November 5, 2025

Seven senses: expanding the human brain’s capacity beyond traditional limits.

For centuries, we took for granted that we can process the world through five senses. But a new study suggests that this number could be the wrong limit. According to a mathematical model developed by Russian researchers, the brain could work in seven dimensions if it could process the world through seven senses.

### A brain working in seven dimensions
![Seven senses, not five. The surprising theory that redefines the limits of the human brain](https://en.gizmodo.com/app/uploads/2025/10/Untitled-design-29-7.jpg)

In Russia, a team of scientists has modeled the functioning of human memory as a multidimensional conceptual space. In this framework, each memory or concept is represented as an “engram”: a set of neurons that encode information about what we perceive, feel, or think.

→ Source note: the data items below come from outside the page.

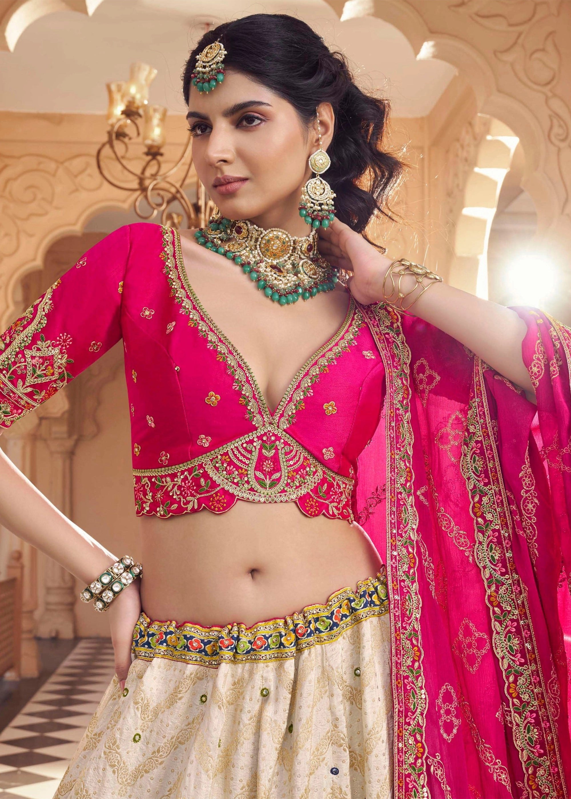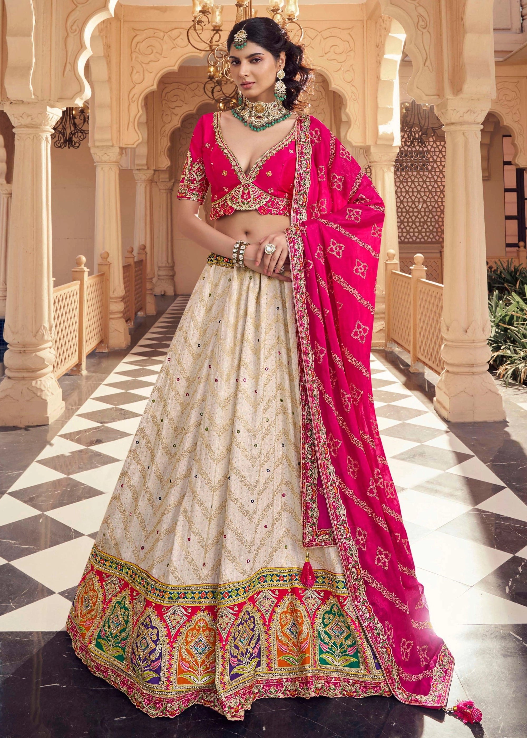 White And Pink Embroidered Designer Lehenga Set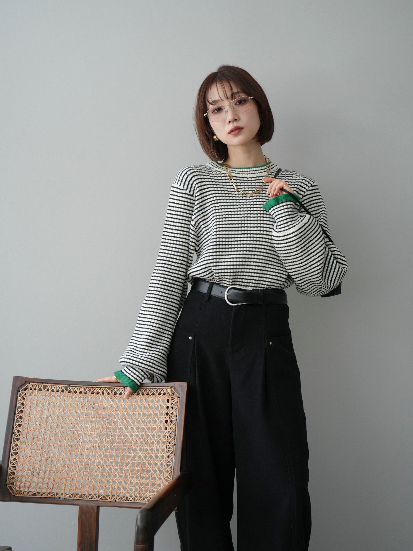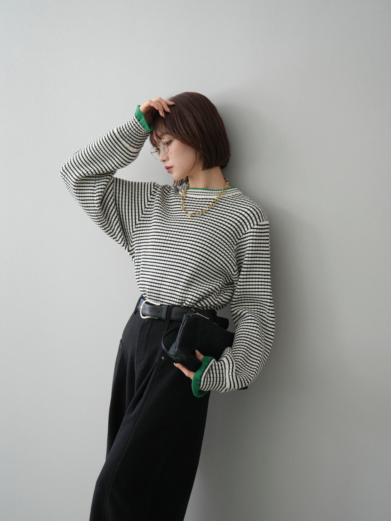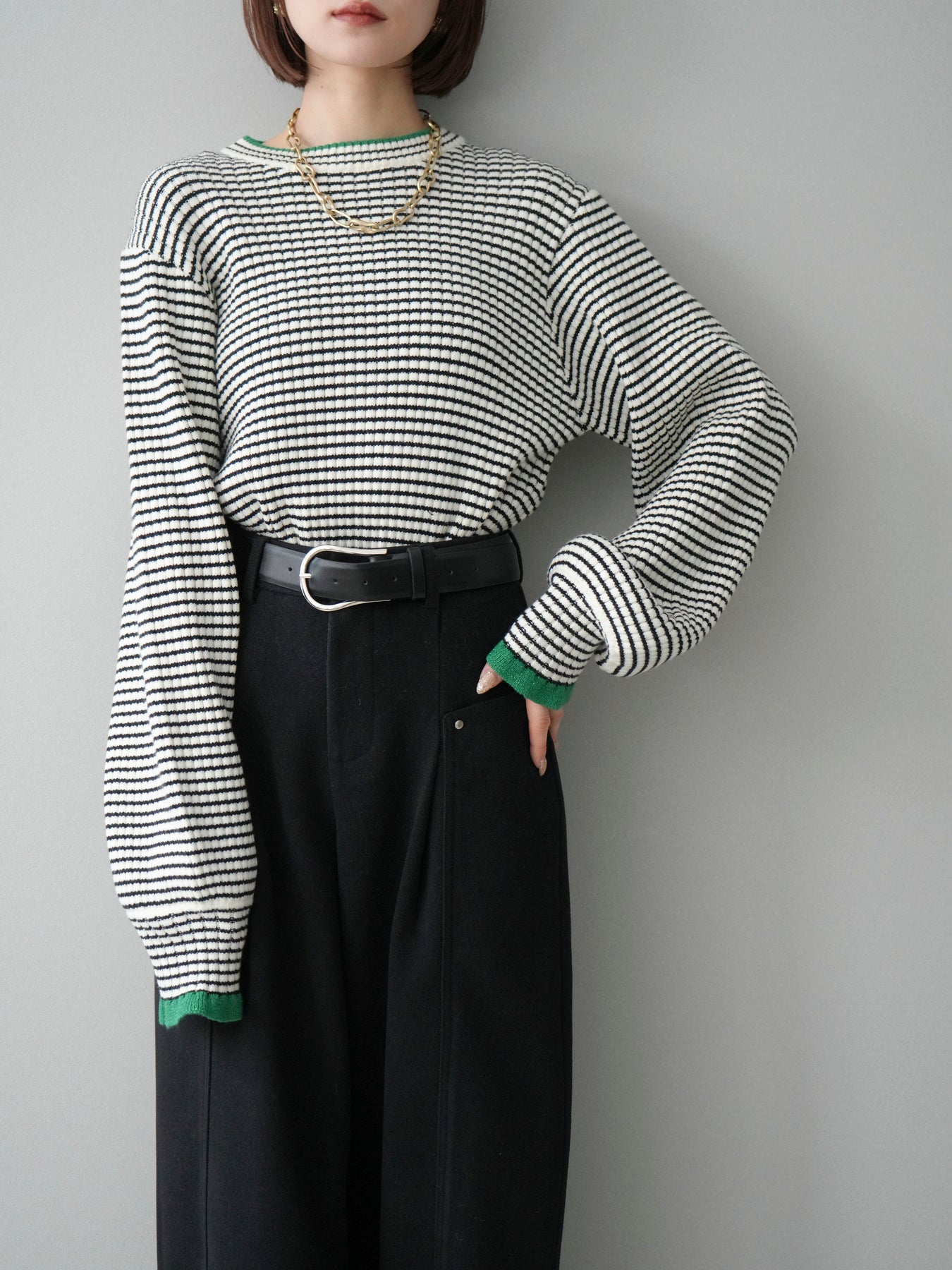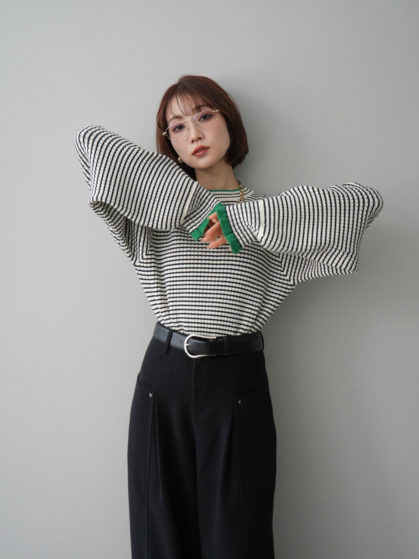 [予約]ラメ異素材ボーダーリブニットプルオーバー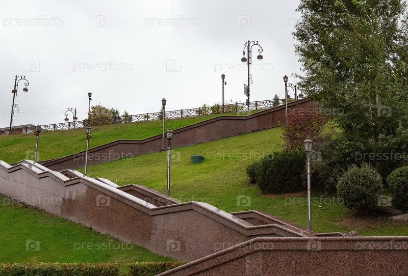 Красивая гранитная набережная реки Туры Тюмени осенью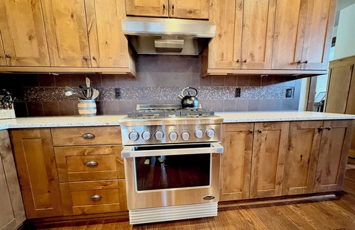 • Fully stocked kitchen with stainless appliances and an island that seats 4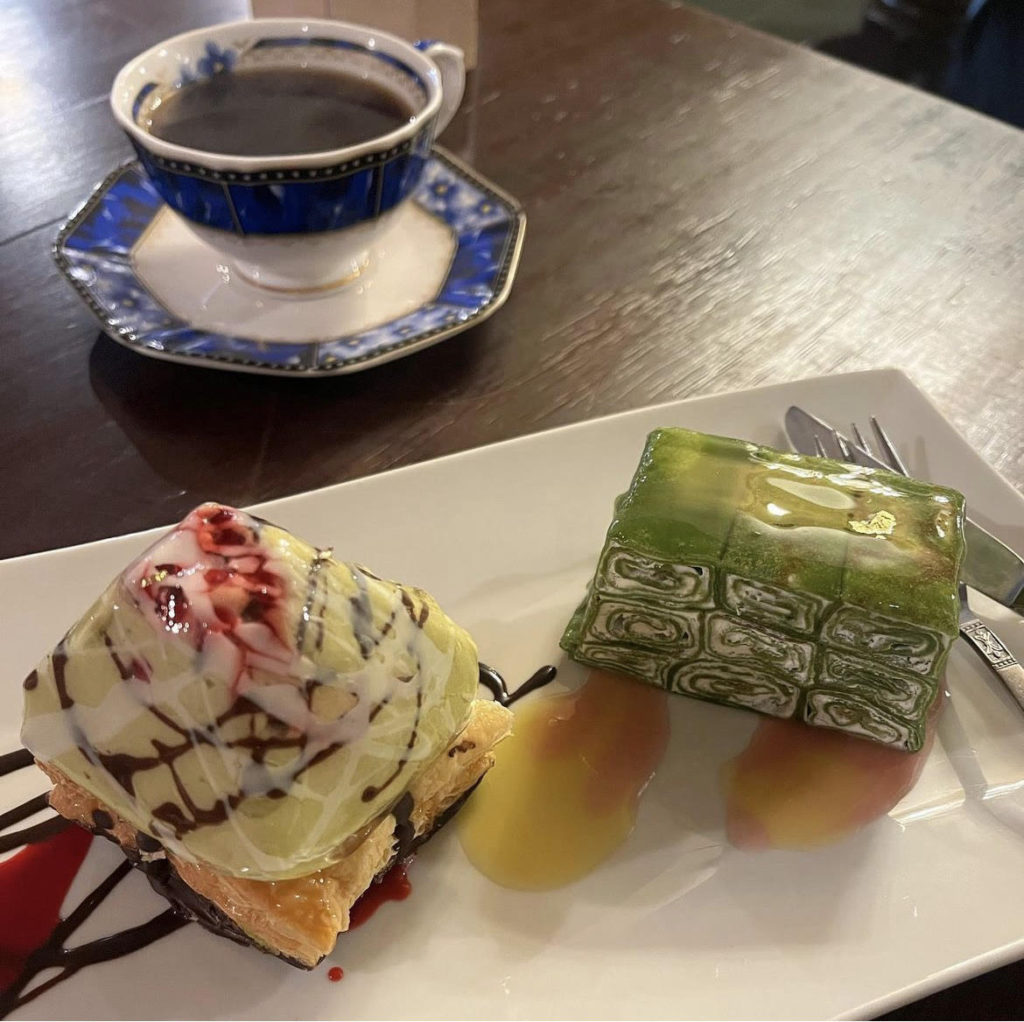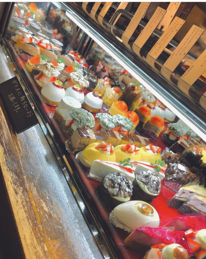 「夕方5時から開く、大人のケーキ屋さんです。このお店、『ケーキバー』という珍しいスタイルで、お酒やコーヒーも楽しめる大人な空間になっていて、未成年は入店できません。店内はアンティーク調で彩られており、高級感が感じられます。私自身、大の甘党なのでコロナが流行る前は飲みの締めによく行っていました。最近は、誕生日などの記念日に利用させてもらっています。ケーキが並べられたショーケースの中は、色鮮やかで芸術的。ずっと見ていられます。ケーキの種類は多くて30種類ほどでしょうか。独創的な見た目なので、一目見ただけでは味が分かりませんが、ケーキの名札にきちんと中身が書いてあるので大丈夫です」
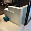 このカウンターは、柔らかな曲線を描くホワイト大理石柄のパネルと、落ち着いたマットブラックの組み合わせが特徴で、来訪されるお客様にモダンで上質な印象を与えます。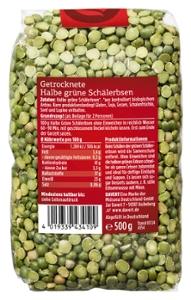 Halbe grüne Schälerbsen*| Energie | Fett | gesättigte Fettsäuren | Kohlenhydrate | Zucker | Ballaststoffe | Eiweiss | Salz |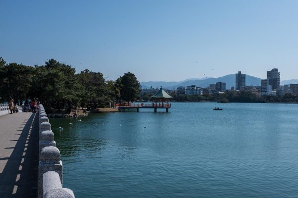 Ohori Park (大濠公園, Ōhori-kōen) is a park is the center of Fukuoka with a beautiful large pond. Ohori (大濠) means “large moat” in Japanese, and the park gets its name because the area once formed part of the moat network for the nearby Fukuoka Castle (only the remains of the castle stand today). In the 1920s the park was re-built based on proposals from a group of people including Honda Seiroku who also designed Hibiya Park in Tokyo, and opened to the public in 1929. The design saw three islands joined by four stone bridges constructed in the middle of the pond and a 2 kilometer path around the water which is popular with joggers. The red Ukimi Pavilion on the northern Willow Island was moved to the park in 1949. From March to early November visitors can rent small dinghies and swan-shaped paddle boats.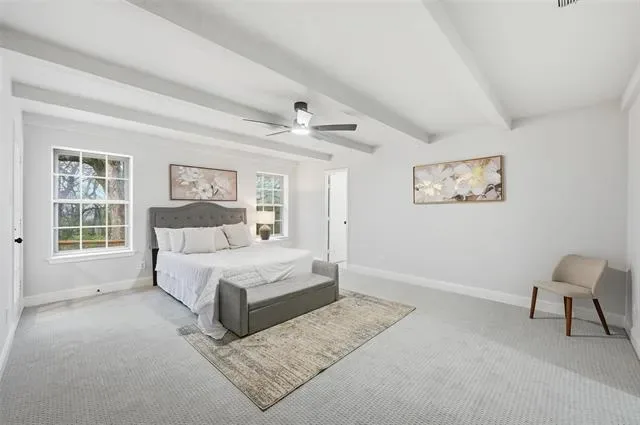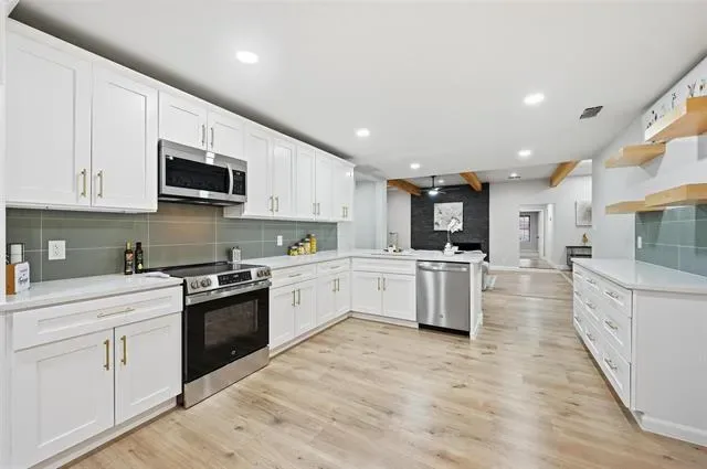 Thoughtfully updated, the home boasts a new roof, designer lighting, new flooring, upgraded doors, and a fully reimagined kitchen and baths. Inside, you’re welcomed by a dramatic floor-to-ceiling fireplace complemented by warm, exposed wood beams that create an inviting yet refined living space. The private office, located just off the main living area, provides flexibility for work, study, or a cozy retreat.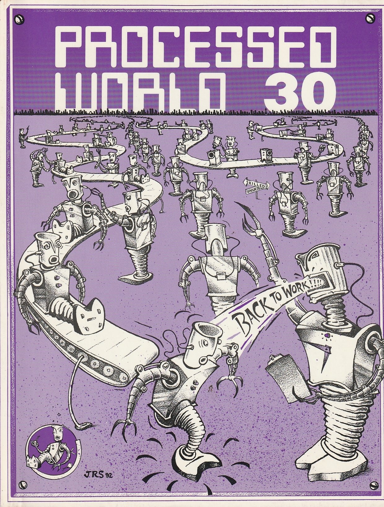 Brossura editoriale, prima di copertina di JR Swanson, testo in inglese su tre colonne, numerose illustrazioni in b/n con fotografie, fotomontaggi, disegni e fumetti. Rivista underground fondata nel 1981 da Chris Carlsson, Caitlin Manning e Adam Cornford, provocatoriamente dedicata ai "processori" della società contemporanea, quali impiegati e segretarie ("for office workers who are dissatisfied with their lot in life and are seeking something better" – dal No. 1, Aprile 1981). In ottimo stato.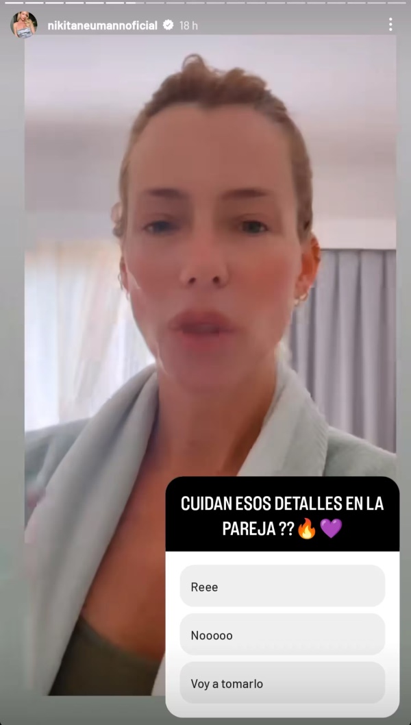 “¿Cuidan esos detalles en la pareja?”, les preguntó Neumann a los dos millones de usuarios que la siguen en Instagram y agregó una encuesta para que puedan votar.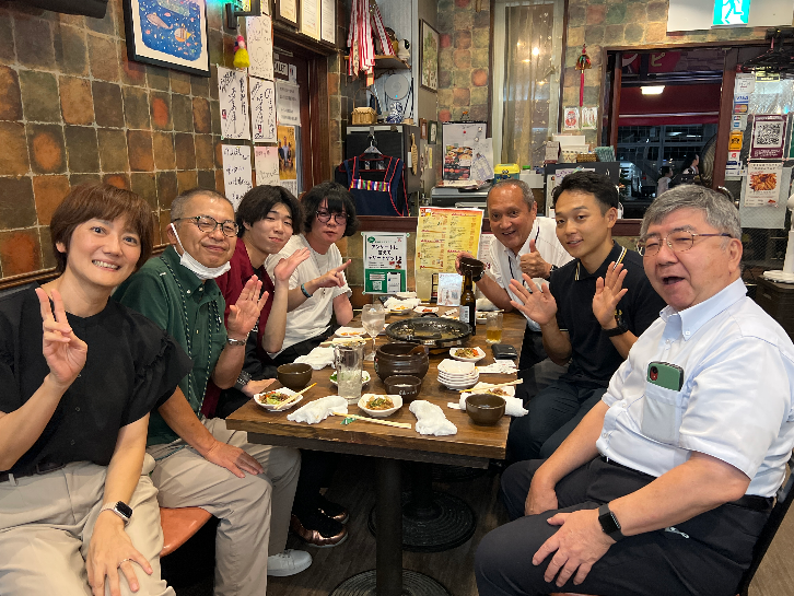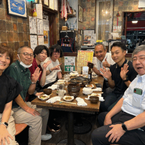 「集合写真は、江戸川支部の校友の皆さまがご来店くださった際に撮影したものです。右側中央に写っているのが代表の高橋です。母が創業したこの店を、2020年に引き継ぎ現在も大切に営んでおります。」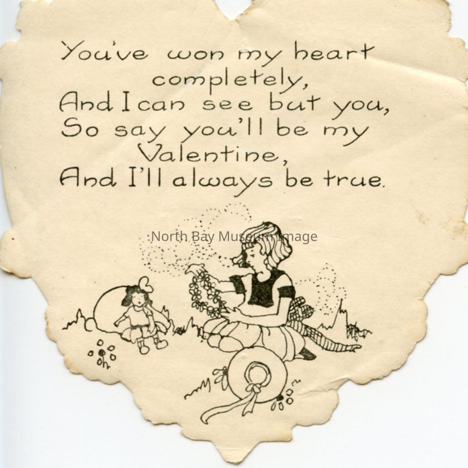 The inscription of the card says "you've won my heart completely, and I can see no one but you, so say you'll be my Valentine, and I'll always be true." The image on the card shows a girl playing with dolls.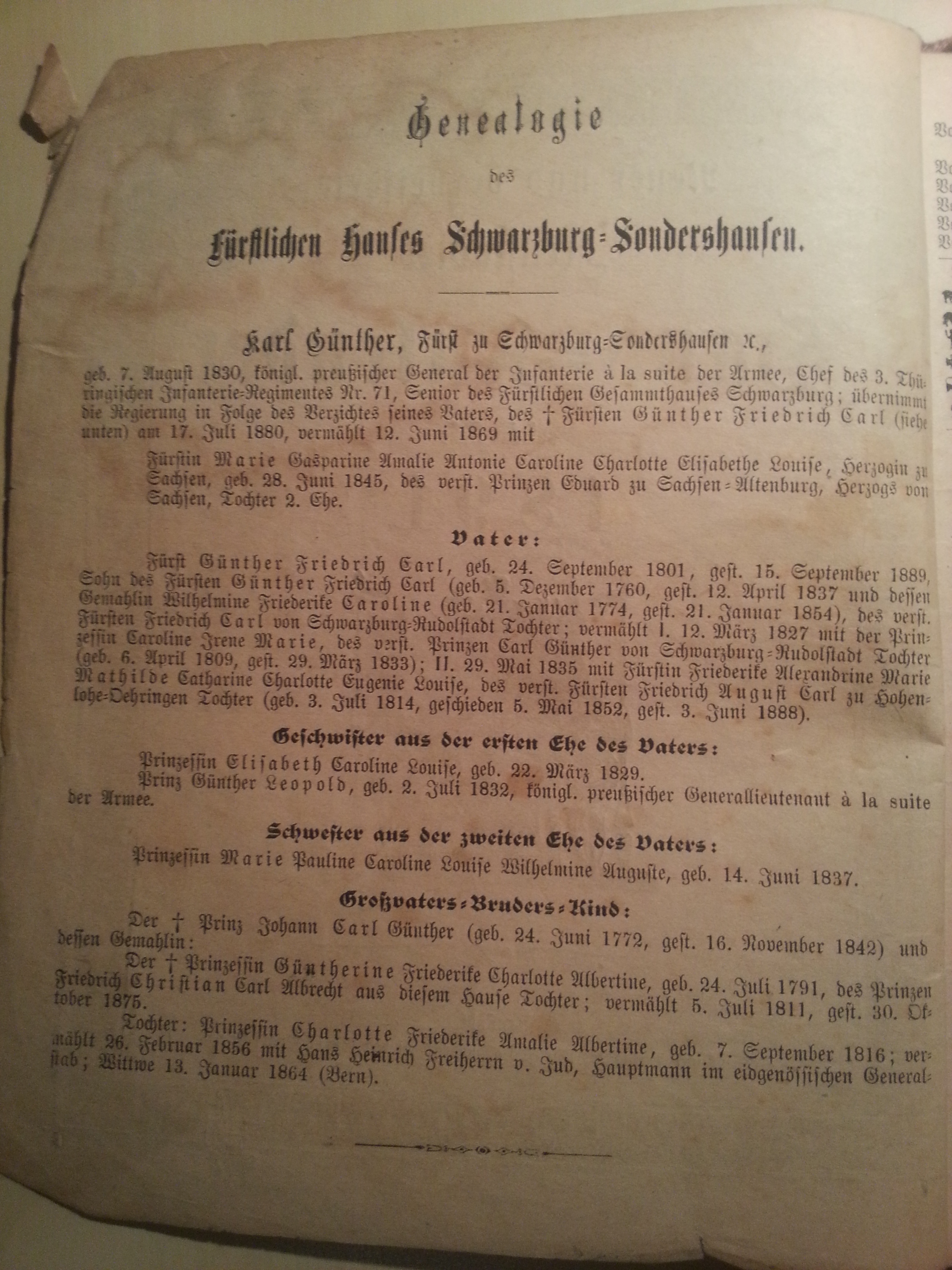 Ganz zu Anfang wird dem geneigten Leser der aktuelle Stand des ortsverantwortlichen Fürstenhauses nahegebracht. So etwas musste man damals wissen um sich bei Gesprächen in Gesellschaft nicht zu blamieren.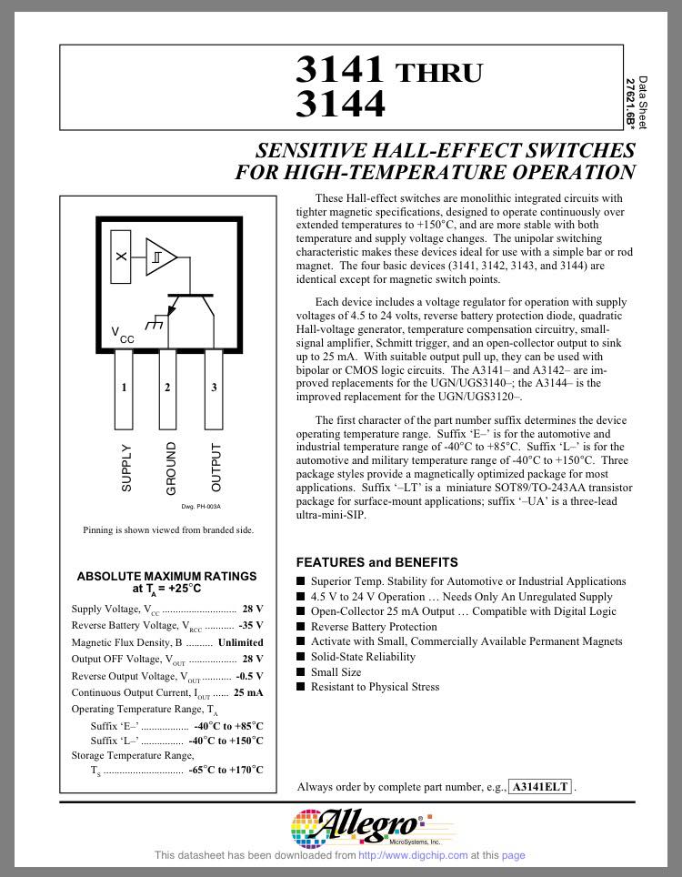 フォトトランジスタなどと使い方は同じで磁力が加わるとOUTPUTからGROUNDに電流が流れる

They discovered that the human brain would be more efficient if these engrams were organized in seven dimensions. In simple terms, it would mean that the mind could retain and process more information if it had two additional senses beyond the five we know.

### Beyond the traditional five senses
Those are the pillars of our perception, but not the only ones possible. The Skoltech model suggests that the brain could achieve greater cognitive efficiency by adding new sensory pathways that expand the understanding of the environment.

Among the theoretical possibilities suggested by the researchers are the ability to detect energy changes in the environment, or even a perception of the Earth’s magnetic field, similar to that used by migratory birds.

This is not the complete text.